Умерла Лиза Кремнева, журналистка, когда-то работавшая в «Крестьянке», и сейчас, когда я пишу эти строки, думаю, какое счастье, что она в ней работала, а потому и имеет право на эти несколько прощальных страниц. Не будь «Крестьянки», куда бы я с ними подалась?

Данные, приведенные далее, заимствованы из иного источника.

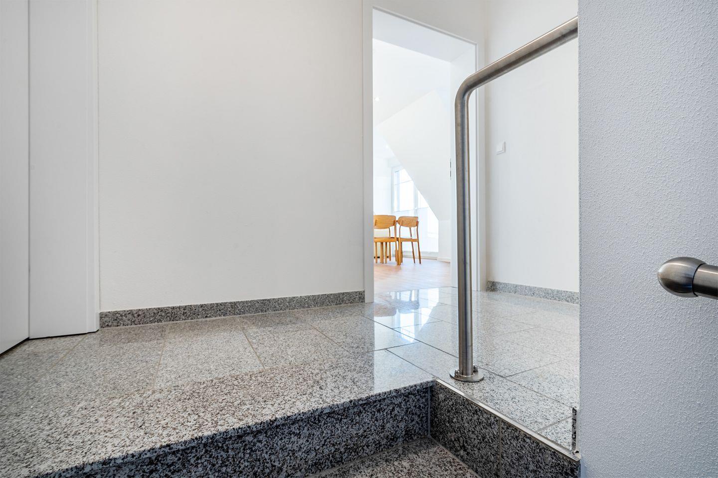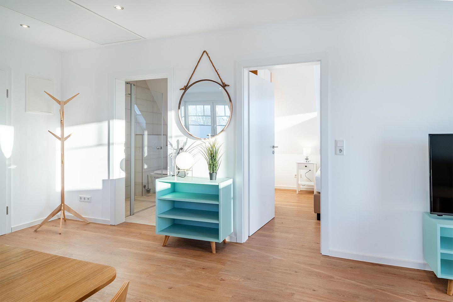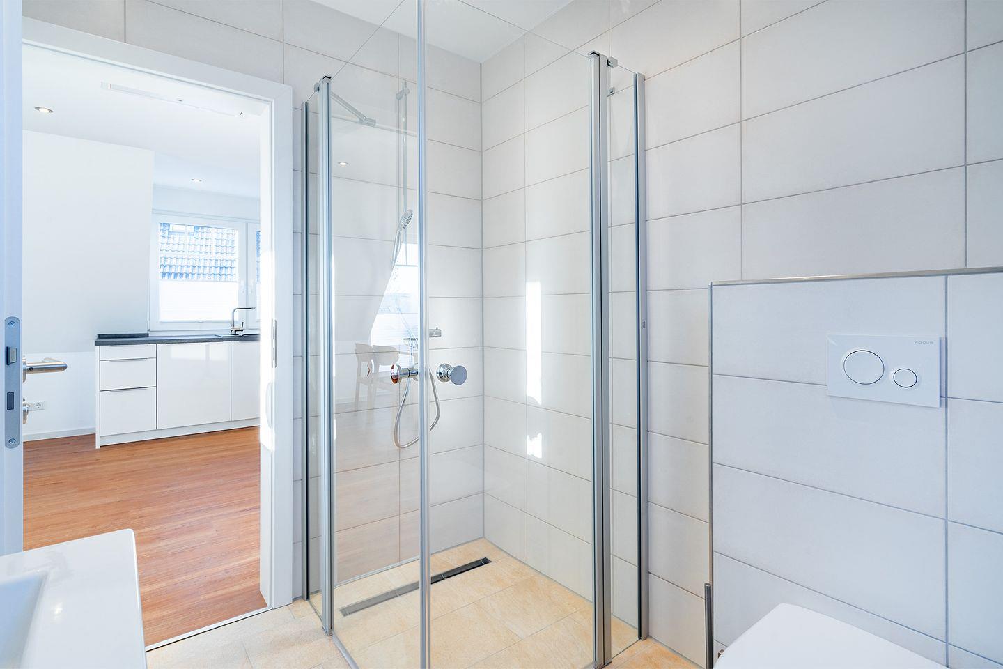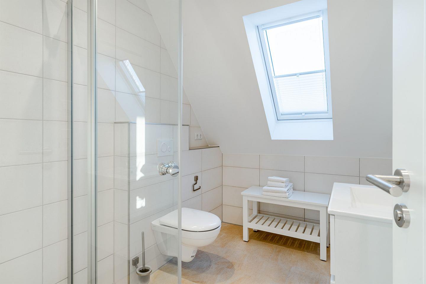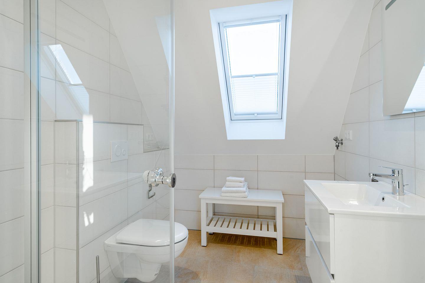Das Bad ist mit einer bodengleichen begehbaren Dusche ausgestattet und bietet alles, was Sie benötigen, um sich frisch und entspannt für den Tag vorzubereiten.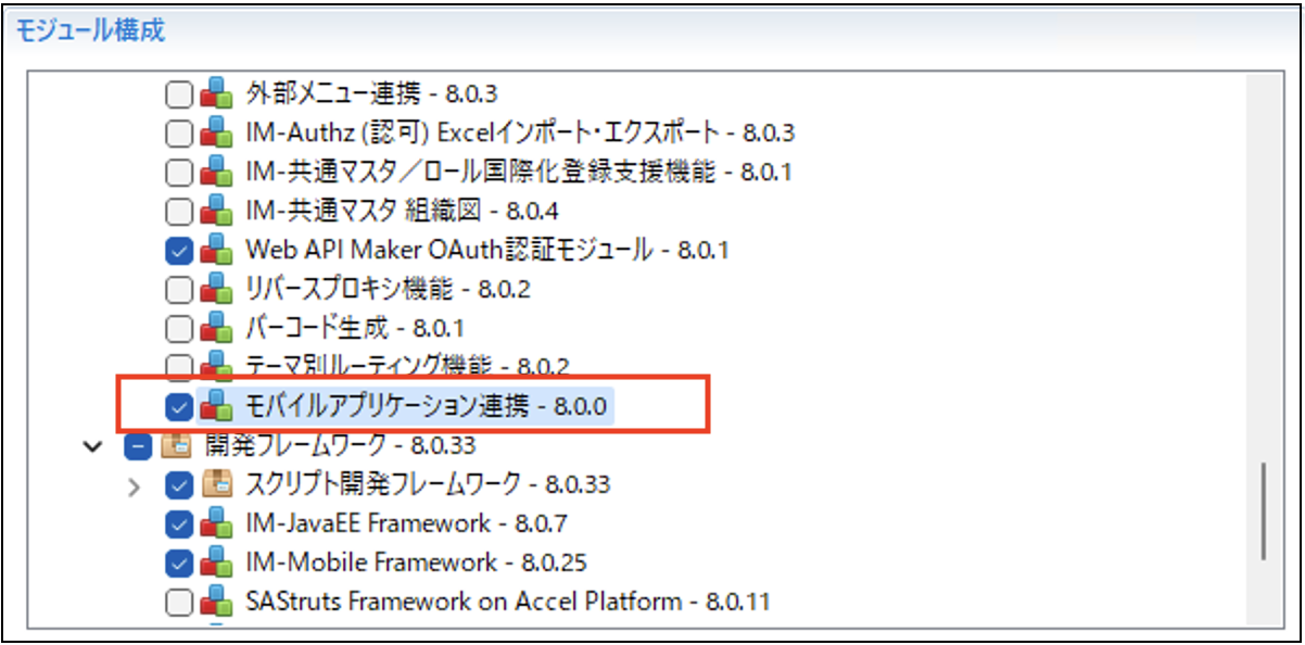 Accel Platform Mobile を利用するには、モバイルアプリケーション連携モジュールが必要です。注意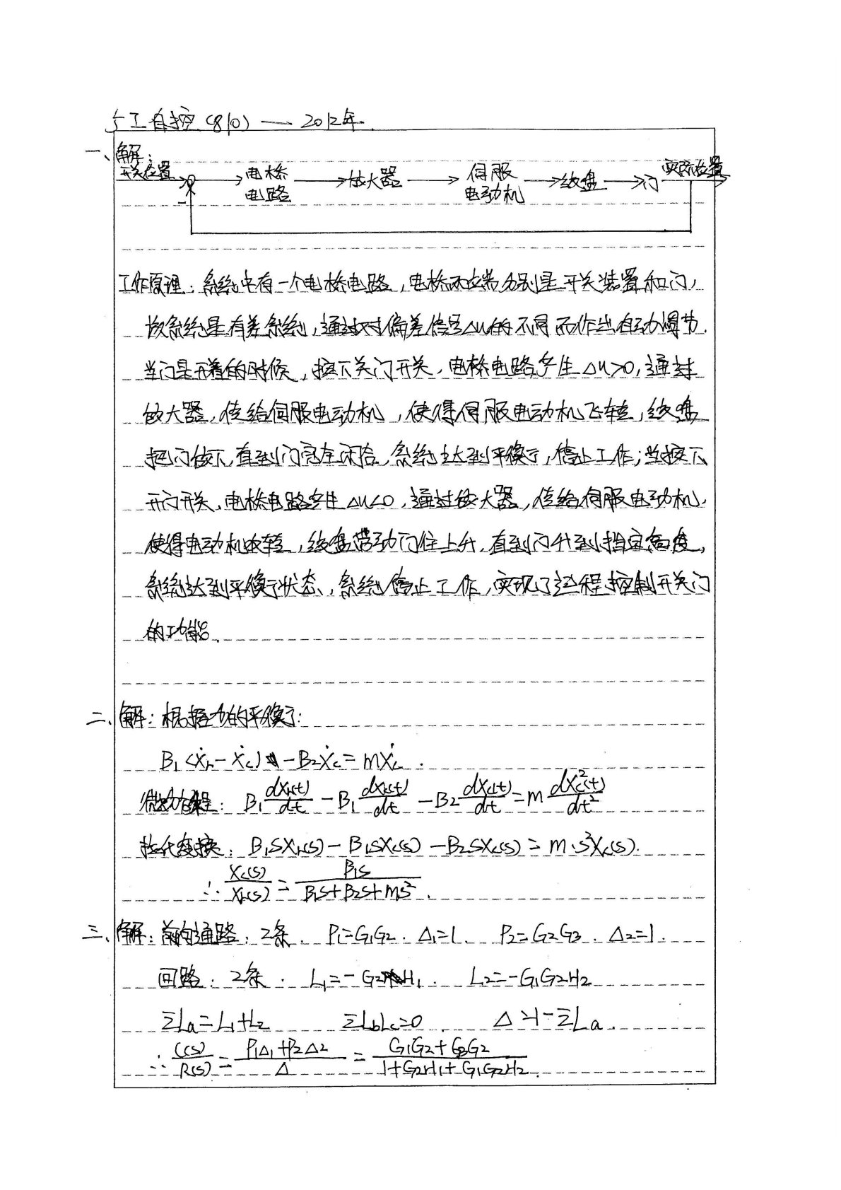 广东工业大学810自控原理2012年考研真题答案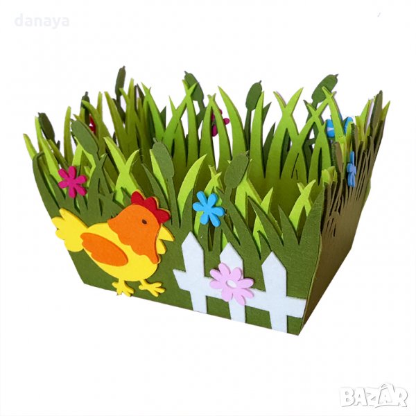 Великденски панер за яйца и лакомства. Великденска декорация за маса. Украса за Великден. Всеки великденски панер е изработен от филц. Лицевата част е украсена с кокошка, цветенца и ограда.

Лиза оставила после себя четыре странички аккуратно перепечатанных стихов – разве она писала стихи? Просьбу отпеть ее в церкви – представляю и понимаю некую неловкость для райкома КПСС, в котором она работала. Письмо-записку, в котором мельк-нули слова: я жила хорошо! – и наше, поверьте, всеобщее сочувствие по этому поводу. <…>

Я вот и девять, и сорок дней ее отмолила, а несколько отмеренных мне страниц написать не могу. Будто дышит она у меня за спиной и не то что одергивает – она сроду никого не одергивала, – а вот мешает мне сказать какие-то вполне правдивые, искренние слова о том, как она подняла на ноги племянников, оставшихся без матери, как была нежна со своей старенькой мамой, как возилась с моими малыми детьми, а потом с другими малыми других своих подруг, их целая куча, чужих, обласканных ею и уже выросших детей.

«Не то, не то! – говорит мне через плечо Лиза. – Так обо всех умерших говорят. Такое принято говорить. Скажи другое…»

Что, Лиза?

Вот я выбираю лучшие из твоих никем не читанных стихов.

Только скрылось твое лицо

За окошком вагонным —

Потускнел мир вещей…

Выбираю и думаю: я ведь ничего не знала о твоей любви. Ничего! Мы ведь были такие аскетично-замундиренные в этой теме, и, как я теперь понимаю, обе по высокомерию. Я по причине собственной благополучной семейности считала, что невеликодушно с моей стороны с тобой говорить об этом. Ты, со своей стороны, думала, видимо, то же самое. Потому что… потому что я после своих сорока о любви уже не писала, а ты писала. Получается, что я в проигрыше? И ты это знала.